Exercise:
Word for word, reproduce the listing that follows, excluding any pictures it contains.

·····

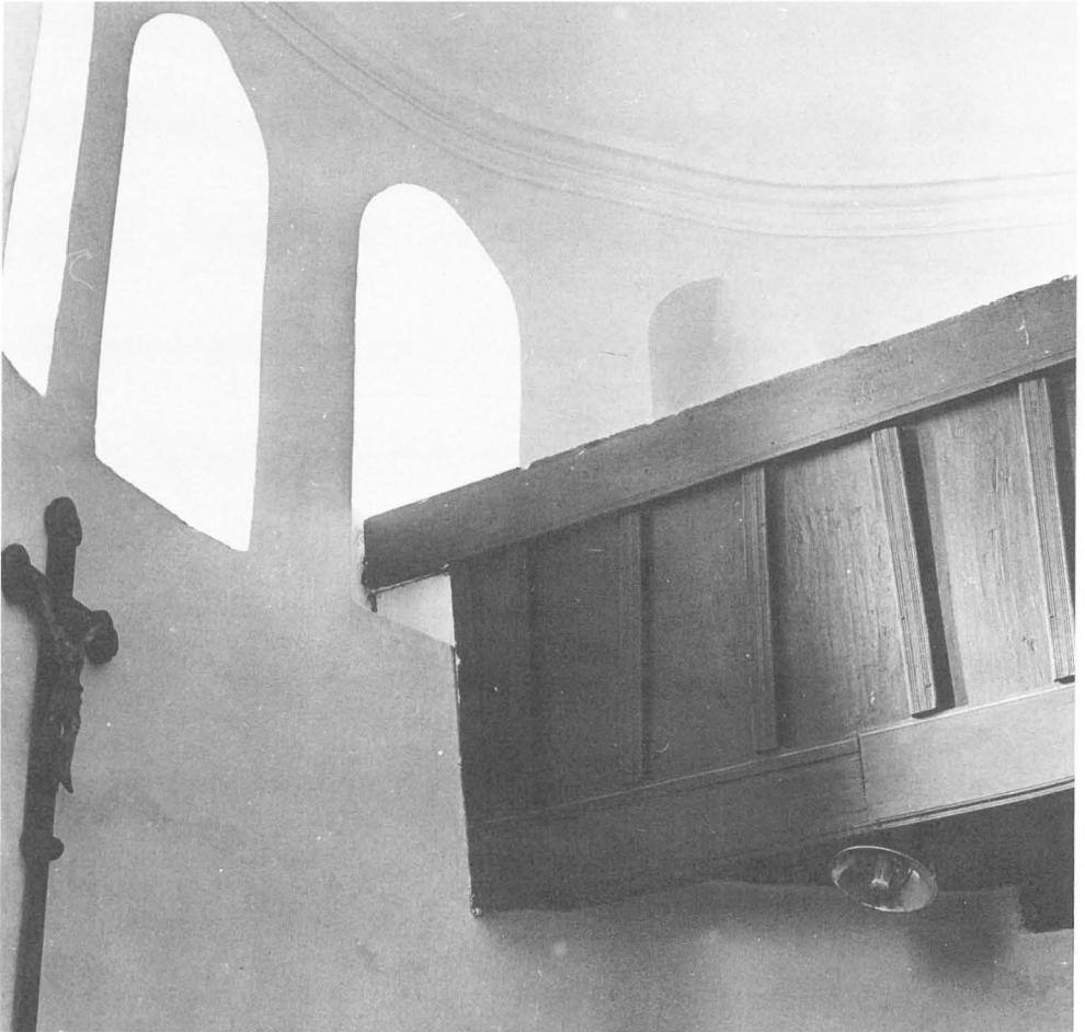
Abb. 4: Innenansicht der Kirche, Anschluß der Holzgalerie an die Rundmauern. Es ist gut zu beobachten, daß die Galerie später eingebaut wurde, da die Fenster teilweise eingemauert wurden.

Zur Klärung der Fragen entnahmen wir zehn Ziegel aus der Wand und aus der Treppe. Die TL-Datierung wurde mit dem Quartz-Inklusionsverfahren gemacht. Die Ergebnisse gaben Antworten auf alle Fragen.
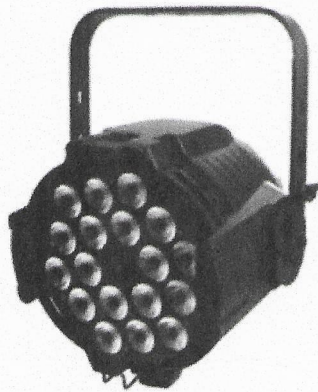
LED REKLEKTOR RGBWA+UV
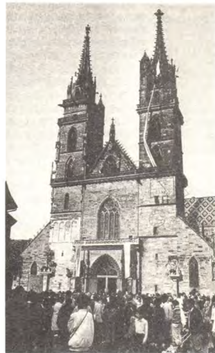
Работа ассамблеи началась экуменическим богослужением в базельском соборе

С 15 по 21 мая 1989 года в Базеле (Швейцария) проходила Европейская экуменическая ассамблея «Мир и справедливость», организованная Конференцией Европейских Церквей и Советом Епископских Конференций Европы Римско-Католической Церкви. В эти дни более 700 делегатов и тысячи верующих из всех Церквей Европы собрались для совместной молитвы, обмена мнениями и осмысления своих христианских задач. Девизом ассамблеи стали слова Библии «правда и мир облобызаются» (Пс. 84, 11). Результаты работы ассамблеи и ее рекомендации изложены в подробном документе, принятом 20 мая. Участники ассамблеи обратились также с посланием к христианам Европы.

·····

Result for this exercise:
Abb. 4: Innenansicht der Kirche, Anschluß der Holzgalerie an die Rundmauern. Es ist gut zu beobachten, daß die Galerie später eingebaut wurde, da die Fenster teilweise eingemauert wurden.

Zur Klärung der Fragen entnahmen wir zehn Ziegel aus der Wand und aus der Treppe. Die TL-Datierung wurde mit dem Quartz-Inklusionsverfahren gemacht. Die Ergebnisse gaben Antworten auf alle Fragen.
LED REKLEKTOR RGBWA+UV
Работа ассамблеи началась экуменическим богослужением в базельском соборе

С 15 по 21 мая 1989 года в Базеле (Швейцария) проходила Европейская экуменическая ассамблея «Мир и справедливость», организованная Конференцией Европейских Церквей и Советом Епископских Конференций Европы Римско-Католической Церкви. В эти дни более 700 делегатов и тысячи верующих из всех Церквей Европы собрались для совместной молитвы, обмена мнениями и осмысления своих христианских задач. Девизом ассамблеи стали слова Библии «правда и мир облобызаются» (Пс. 84, 11). Результаты работы ассамблеи и ее рекомендации изложены в подробном документе, принятом 20 мая. Участники ассамблеи обратились также с посланием к христианам Европы.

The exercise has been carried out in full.